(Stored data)
--- --- ---

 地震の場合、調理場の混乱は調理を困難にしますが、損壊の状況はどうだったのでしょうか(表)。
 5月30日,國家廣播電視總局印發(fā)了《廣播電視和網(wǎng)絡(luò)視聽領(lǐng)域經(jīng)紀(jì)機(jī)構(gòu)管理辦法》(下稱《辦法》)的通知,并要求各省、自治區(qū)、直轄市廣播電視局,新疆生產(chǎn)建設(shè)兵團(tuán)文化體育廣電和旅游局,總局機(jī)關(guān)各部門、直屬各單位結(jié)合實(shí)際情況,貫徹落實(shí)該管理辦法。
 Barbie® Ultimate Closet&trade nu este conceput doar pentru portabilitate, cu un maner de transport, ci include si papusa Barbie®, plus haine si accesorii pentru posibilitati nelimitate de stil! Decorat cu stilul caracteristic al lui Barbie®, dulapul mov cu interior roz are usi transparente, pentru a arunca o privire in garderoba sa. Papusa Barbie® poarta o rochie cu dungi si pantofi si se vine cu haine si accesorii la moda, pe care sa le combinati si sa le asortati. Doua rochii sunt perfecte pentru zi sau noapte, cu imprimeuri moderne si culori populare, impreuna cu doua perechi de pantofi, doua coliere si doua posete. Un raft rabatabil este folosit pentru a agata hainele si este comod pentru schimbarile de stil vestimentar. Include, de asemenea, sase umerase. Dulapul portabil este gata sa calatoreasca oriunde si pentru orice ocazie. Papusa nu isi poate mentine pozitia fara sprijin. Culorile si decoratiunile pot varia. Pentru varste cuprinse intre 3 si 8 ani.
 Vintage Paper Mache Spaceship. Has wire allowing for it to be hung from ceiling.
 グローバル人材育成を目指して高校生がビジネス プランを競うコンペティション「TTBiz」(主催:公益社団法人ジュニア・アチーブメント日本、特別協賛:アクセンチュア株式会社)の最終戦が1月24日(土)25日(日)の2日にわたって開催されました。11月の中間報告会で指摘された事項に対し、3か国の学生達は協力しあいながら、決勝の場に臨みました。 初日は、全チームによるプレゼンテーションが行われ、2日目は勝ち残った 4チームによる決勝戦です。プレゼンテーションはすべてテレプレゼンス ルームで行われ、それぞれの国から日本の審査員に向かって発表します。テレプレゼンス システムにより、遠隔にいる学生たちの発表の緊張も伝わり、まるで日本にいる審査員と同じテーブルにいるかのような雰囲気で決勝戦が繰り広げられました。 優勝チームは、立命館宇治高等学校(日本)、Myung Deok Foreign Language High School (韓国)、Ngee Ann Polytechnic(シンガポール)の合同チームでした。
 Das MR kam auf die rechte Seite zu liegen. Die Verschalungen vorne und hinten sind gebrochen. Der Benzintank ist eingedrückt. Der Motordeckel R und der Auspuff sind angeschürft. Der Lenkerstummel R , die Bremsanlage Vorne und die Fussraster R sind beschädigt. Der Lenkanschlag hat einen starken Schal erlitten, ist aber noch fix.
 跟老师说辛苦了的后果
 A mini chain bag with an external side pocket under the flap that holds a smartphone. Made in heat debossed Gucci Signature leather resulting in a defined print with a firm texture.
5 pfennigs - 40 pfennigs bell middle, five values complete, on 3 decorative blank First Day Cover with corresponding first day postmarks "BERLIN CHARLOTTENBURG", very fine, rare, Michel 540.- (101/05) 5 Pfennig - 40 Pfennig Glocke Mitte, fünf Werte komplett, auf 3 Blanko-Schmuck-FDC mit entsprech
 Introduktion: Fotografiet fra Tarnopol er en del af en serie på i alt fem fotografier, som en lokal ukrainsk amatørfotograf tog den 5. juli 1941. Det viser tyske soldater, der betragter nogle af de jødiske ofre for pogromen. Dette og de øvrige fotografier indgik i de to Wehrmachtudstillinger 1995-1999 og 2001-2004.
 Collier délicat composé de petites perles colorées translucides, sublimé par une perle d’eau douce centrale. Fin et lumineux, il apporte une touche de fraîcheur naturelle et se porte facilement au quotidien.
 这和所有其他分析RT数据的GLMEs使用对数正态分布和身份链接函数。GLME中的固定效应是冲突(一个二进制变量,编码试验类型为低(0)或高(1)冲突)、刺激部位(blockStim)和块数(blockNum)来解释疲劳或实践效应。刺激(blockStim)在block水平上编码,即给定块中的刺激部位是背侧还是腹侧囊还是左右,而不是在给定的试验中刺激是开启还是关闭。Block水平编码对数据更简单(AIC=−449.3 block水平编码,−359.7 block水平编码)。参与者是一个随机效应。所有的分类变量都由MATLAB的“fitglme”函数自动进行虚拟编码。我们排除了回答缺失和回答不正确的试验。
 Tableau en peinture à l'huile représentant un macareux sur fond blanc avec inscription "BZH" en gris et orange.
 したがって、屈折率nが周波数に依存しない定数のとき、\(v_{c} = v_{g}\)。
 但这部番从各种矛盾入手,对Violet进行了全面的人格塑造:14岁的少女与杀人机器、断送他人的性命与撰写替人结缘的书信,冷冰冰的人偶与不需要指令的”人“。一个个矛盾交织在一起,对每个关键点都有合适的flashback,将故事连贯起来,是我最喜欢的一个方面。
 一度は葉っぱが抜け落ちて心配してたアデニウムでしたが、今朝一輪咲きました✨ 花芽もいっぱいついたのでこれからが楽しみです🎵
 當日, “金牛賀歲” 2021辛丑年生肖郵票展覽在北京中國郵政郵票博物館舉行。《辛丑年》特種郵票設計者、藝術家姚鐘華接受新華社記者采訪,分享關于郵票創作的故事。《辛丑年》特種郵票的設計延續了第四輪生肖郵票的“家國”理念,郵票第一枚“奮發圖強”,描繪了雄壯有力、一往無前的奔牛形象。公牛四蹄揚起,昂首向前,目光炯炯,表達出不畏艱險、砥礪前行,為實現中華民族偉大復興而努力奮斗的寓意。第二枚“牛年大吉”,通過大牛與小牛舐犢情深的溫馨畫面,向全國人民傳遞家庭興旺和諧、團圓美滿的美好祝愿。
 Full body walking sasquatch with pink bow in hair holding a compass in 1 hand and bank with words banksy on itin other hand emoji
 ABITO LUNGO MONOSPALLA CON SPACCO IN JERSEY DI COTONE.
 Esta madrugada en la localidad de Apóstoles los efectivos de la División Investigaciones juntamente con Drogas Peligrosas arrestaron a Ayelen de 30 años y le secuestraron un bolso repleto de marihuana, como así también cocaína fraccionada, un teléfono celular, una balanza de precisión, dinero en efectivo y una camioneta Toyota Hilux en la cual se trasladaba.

--- --- ---

**Task objective:** Only certain lines are wanted. Please return exactly those from the top of the data through the line with "5月30日,國家廣播電視總局".

**Written answer:**
 地震の場合、調理場の混乱は調理を困難にしますが、損壊の状況はどうだったのでしょうか(表)。
 5月30日,國家廣播電視總局印發(fā)了《廣播電視和網(wǎng)絡(luò)視聽領(lǐng)域經(jīng)紀(jì)機(jī)構(gòu)管理辦法》(下稱《辦法》)的通知,并要求各省、自治區(qū)、直轄市廣播電視局,新疆生產(chǎn)建設(shè)兵團(tuán)文化體育廣電和旅游局,總局機(jī)關(guān)各部門、直屬各單位結(jié)合實(shí)際情況,貫徹落實(shí)該管理辦法。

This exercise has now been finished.